◆ Instructions for the task ◆
Skip the pictures and write out, word for word, the lines below from the one with "VIN: 3N1CN7AP9KL865982" through the one with "Welcome to this", inclusive.

Source records
......

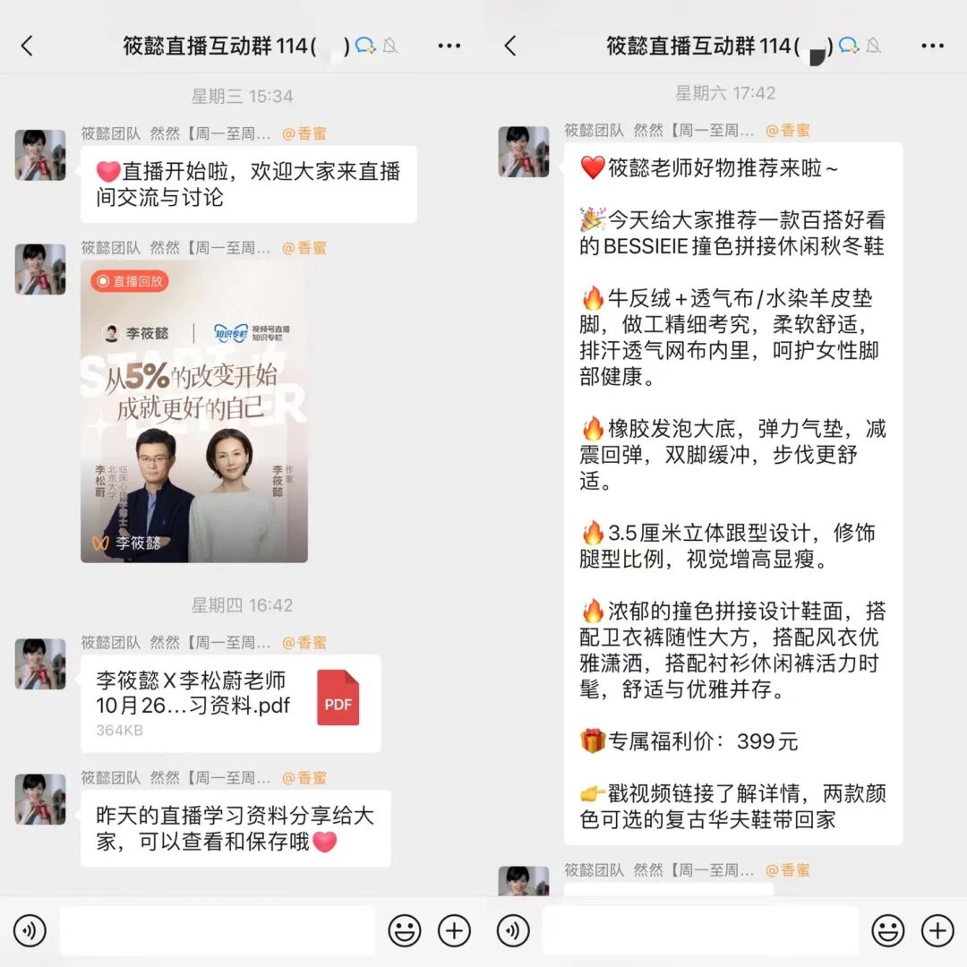 在直播期間,也可以分前中后等不同階段,喚醒社群用戶,做好提醒,告知開播、熱銷產(chǎn)品、爆品反場等。讓社群保持一定的粘性與活躍度,對于直播間的復(fù)購轉(zhuǎn)化都有極大的幫助。
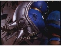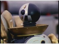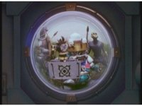 Pair of Cogs come in, carrying control device with Orbus atop it, setting it down before Klank and Prince Sprocket. |
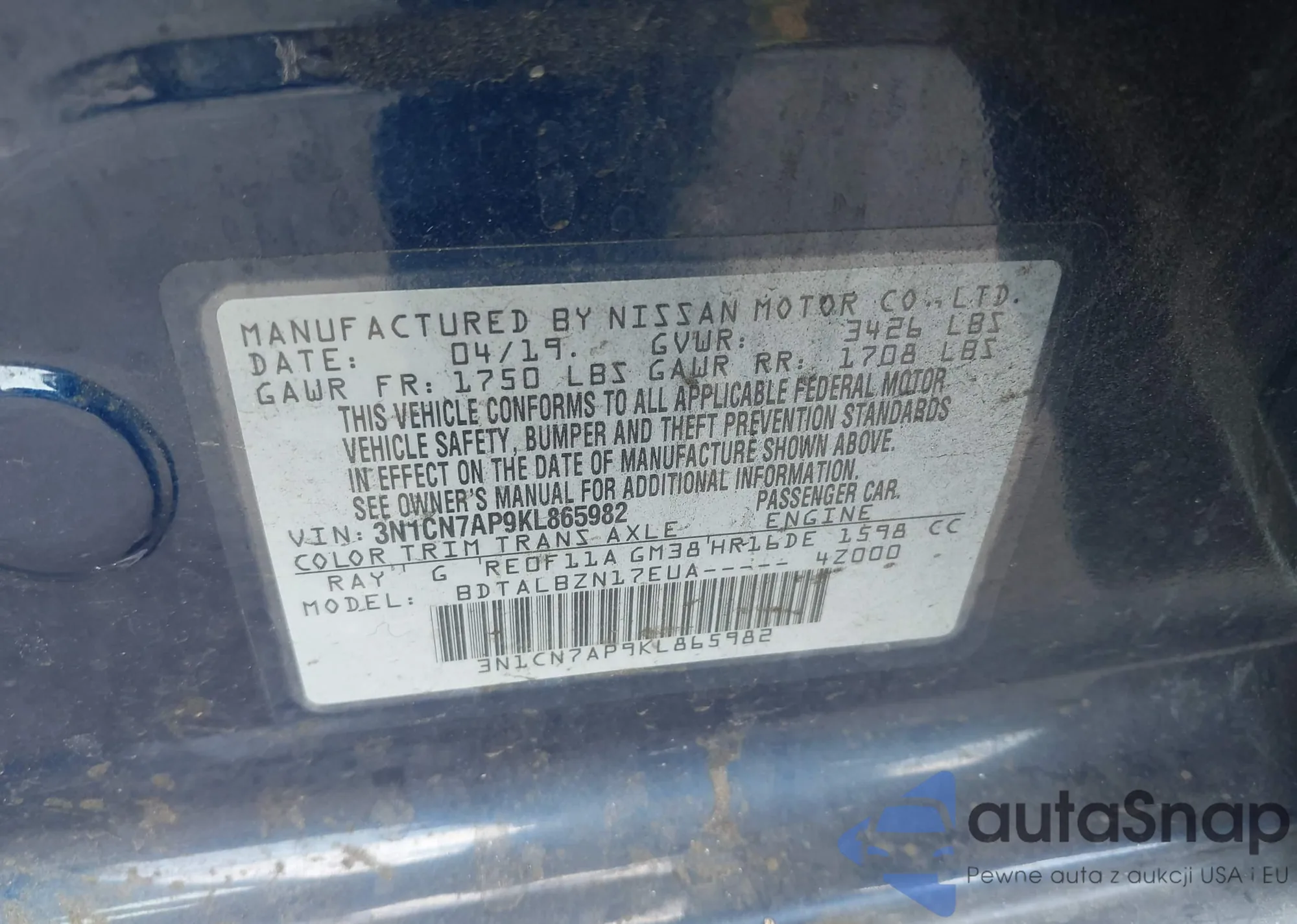 VIN: 3N1CN7AP9KL865982
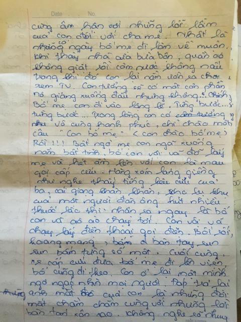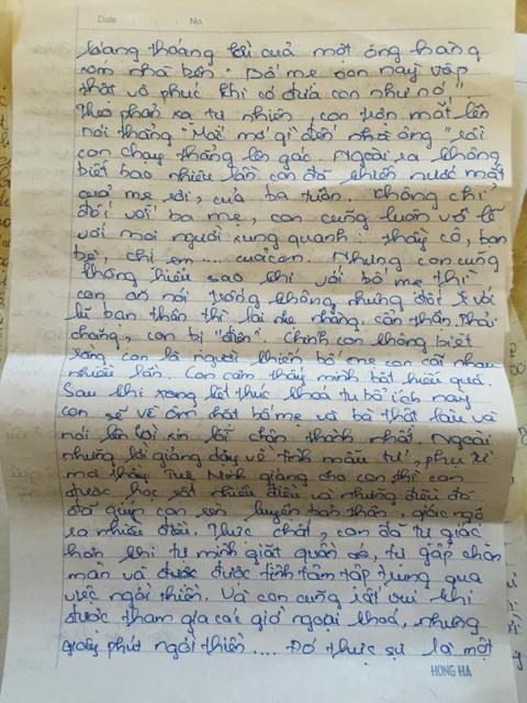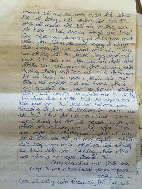 Ngoài ra, không biết bao nhiêu lần con đã khiến nước mắt của mẹ rơi, của ba tuôn. Không chỉ đối với ba mẹ mà con vẫn luôn vô lễ đối với mọi người xung quanh, thầy cô, bạn bè, anh chị em của con…Nhưng con cũng không hiểu sao khi với bố mẹ thì con ăn nói trống không, nhưng đối với lũ bạn than thì lại nhẹ nhàng, cẩn thận. Phải chăng, con bị “ Điên”. Chính con không biết con là người khiến bố mẹ con cãi nhau nhiều lần. Con cảm thấy mình bất hiếu quá.
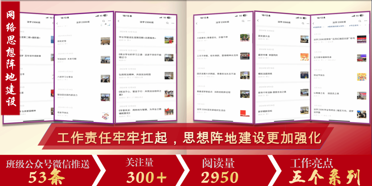 班级将理论学习与实践育人深度融合,2023年至今累计开展31次教育专题学习,参与率达100%。网络思想阵地建设成效显著,“节日”“学长制”等五大系列内容阅读量达2950次,班级参加组建的“九成法学”公众号发布89篇刑法案例分析,累计浏览量超2万人次,彰显法学生的专业担当和责任。
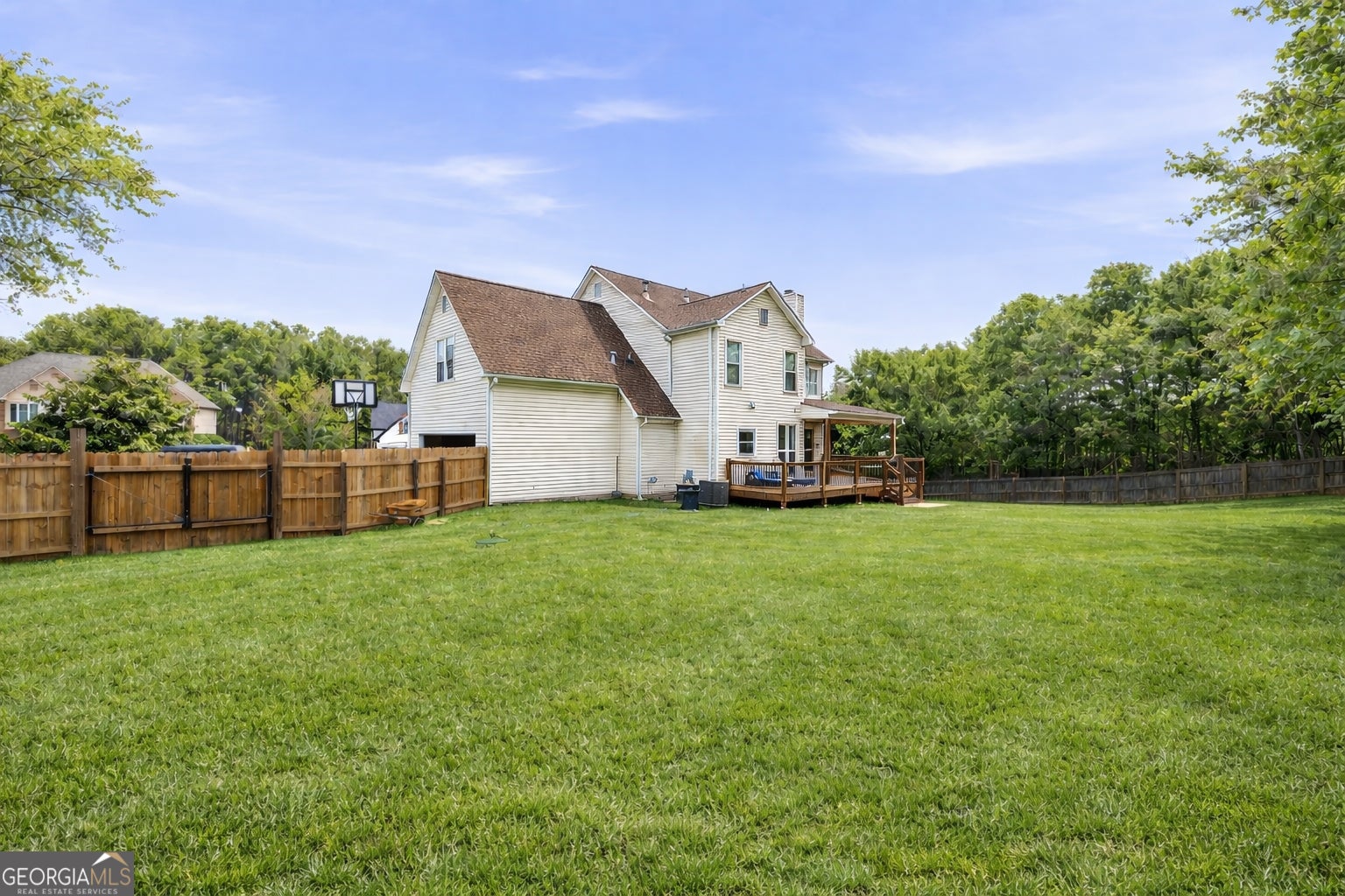 Welcome to this stunning 4-bedroom, 3.5-bathroom three-story home with a fully finished basement WITH A LARGE FAMILY ROOM. This beautifully maintained home features a formal dining room, a private office perfect for working from home, and a spacious bonus room that can easily serve as a media room, playroom, or flexible living space to fit your needs. The thoughtfully designed floor plan offers generous living areas filled with natural light, creating a warm and inviting atmosphere throughout. Step outside to enjoy the newly built covered back deck overlooking a private, fenced 0.79-acre lot-perfect for entertaining, pets, or simply unwinding in your own backyard retreat. Situated in a desirable community with swim and playground amenities, this home offers the perfect balance of convenience and privacy, with easy access to shopping, dining, and major highways.
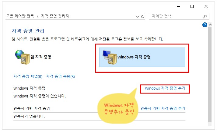 제어판\모든 제어판 항목\자격 증명 관리자\Windows 자격 증명을 클릭하시고

......

◆ Answer to the problem ◆
 VIN: 3N1CN7AP9KL865982
 Ngoài ra, không biết bao nhiêu lần con đã khiến nước mắt của mẹ rơi, của ba tuôn. Không chỉ đối với ba mẹ mà con vẫn luôn vô lễ đối với mọi người xung quanh, thầy cô, bạn bè, anh chị em của con…Nhưng con cũng không hiểu sao khi với bố mẹ thì con ăn nói trống không, nhưng đối với lũ bạn than thì lại nhẹ nhàng, cẩn thận. Phải chăng, con bị “ Điên”. Chính con không biết con là người khiến bố mẹ con cãi nhau nhiều lần. Con cảm thấy mình bất hiếu quá.
 班级将理论学习与实践育人深度融合,2023年至今累计开展31次教育专题学习,参与率达100%。网络思想阵地建设成效显著,“节日”“学长制”等五大系列内容阅读量达2950次,班级参加组建的“九成法学”公众号发布89篇刑法案例分析,累计浏览量超2万人次,彰显法学生的专业担当和责任。
 Welcome to this stunning 4-bedroom, 3.5-bathroom three-story home with a fully finished basement WITH A LARGE FAMILY ROOM. This beautifully maintained home features a formal dining room, a private office perfect for working from home, and a spacious bonus room that can easily serve as a media room, playroom, or flexible living space to fit your needs. The thoughtfully designed floor plan offers generous living areas filled with natural light, creating a warm and inviting atmosphere throughout. Step outside to enjoy the newly built covered back deck overlooking a private, fenced 0.79-acre lot-perfect for entertaining, pets, or simply unwinding in your own backyard retreat. Situated in a desirable community with swim and playground amenities, this home offers the perfect balance of convenience and privacy, with easy access to shopping, dining, and major highways.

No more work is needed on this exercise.